DIRECTIONS FOR THIS TASK
Wherever a picture appears in the listing, leave it out, and copy the rest exactly.

MATERIAL PROVIDED
== Segment start ==

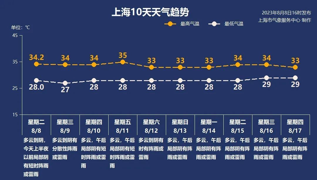 上海本周以多云天气为主,午后局部地区有阵雨或雷雨。气温也比较平稳,最低气温28~29℃,最高气温33~35℃。
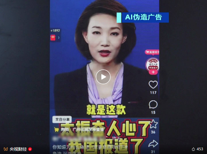 央视新闻主播竟然现身网络直播间?甚至还播报起深海鱼油的广告?近日,北京市市场监管部门查处了首例利用AI技术进行虚假广告宣传的案件。
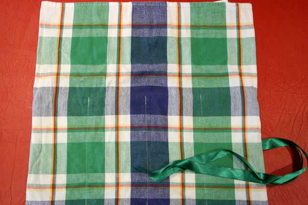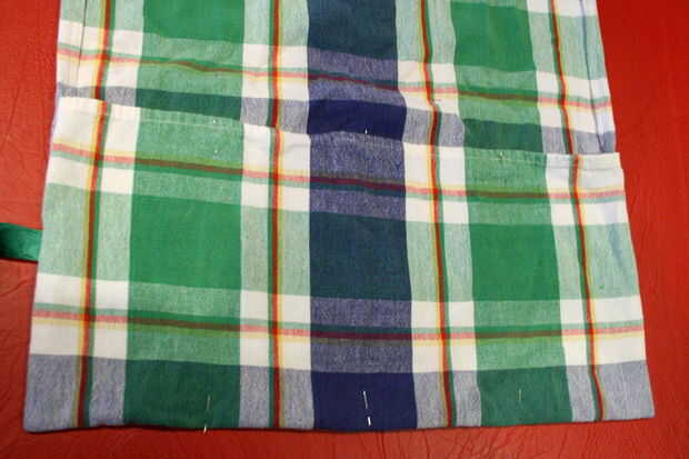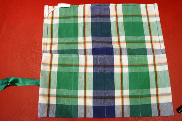 A continuación, dividir el bolsillo grande en segmentos más pequeños que tendrá cada tipo de cubiertos. Necesito cuatro bolsillos por lo que he reducido a la mitad y en cuartos y señaló que cada sección comienza y termina con los pernos. Puntada recta a lo largo de estas líneas. Y eso es toda la costura realizada.
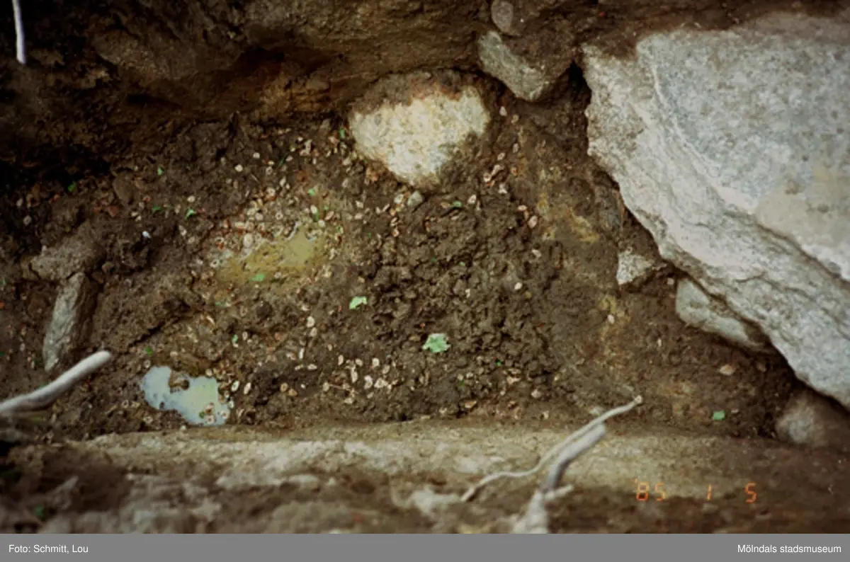 Ett utgrävningsschakt i Gunnebo slotts köksträdgård "A", augusti 1995.

== Segment end ==

OUTPUT
 上海本周以多云天气为主,午后局部地区有阵雨或雷雨。气温也比较平稳,最低气温28~29℃,最高气温33~35℃。
 央视新闻主播竟然现身网络直播间?甚至还播报起深海鱼油的广告?近日,北京市市场监管部门查处了首例利用AI技术进行虚假广告宣传的案件。
 A continuación, dividir el bolsillo grande en segmentos más pequeños que tendrá cada tipo de cubiertos. Necesito cuatro bolsillos por lo que he reducido a la mitad y en cuartos y señaló que cada sección comienza y termina con los pernos. Puntada recta a lo largo de estas líneas. Y eso es toda la costura realizada.
 Ett utgrävningsschakt i Gunnebo slotts köksträdgård "A", augusti 1995.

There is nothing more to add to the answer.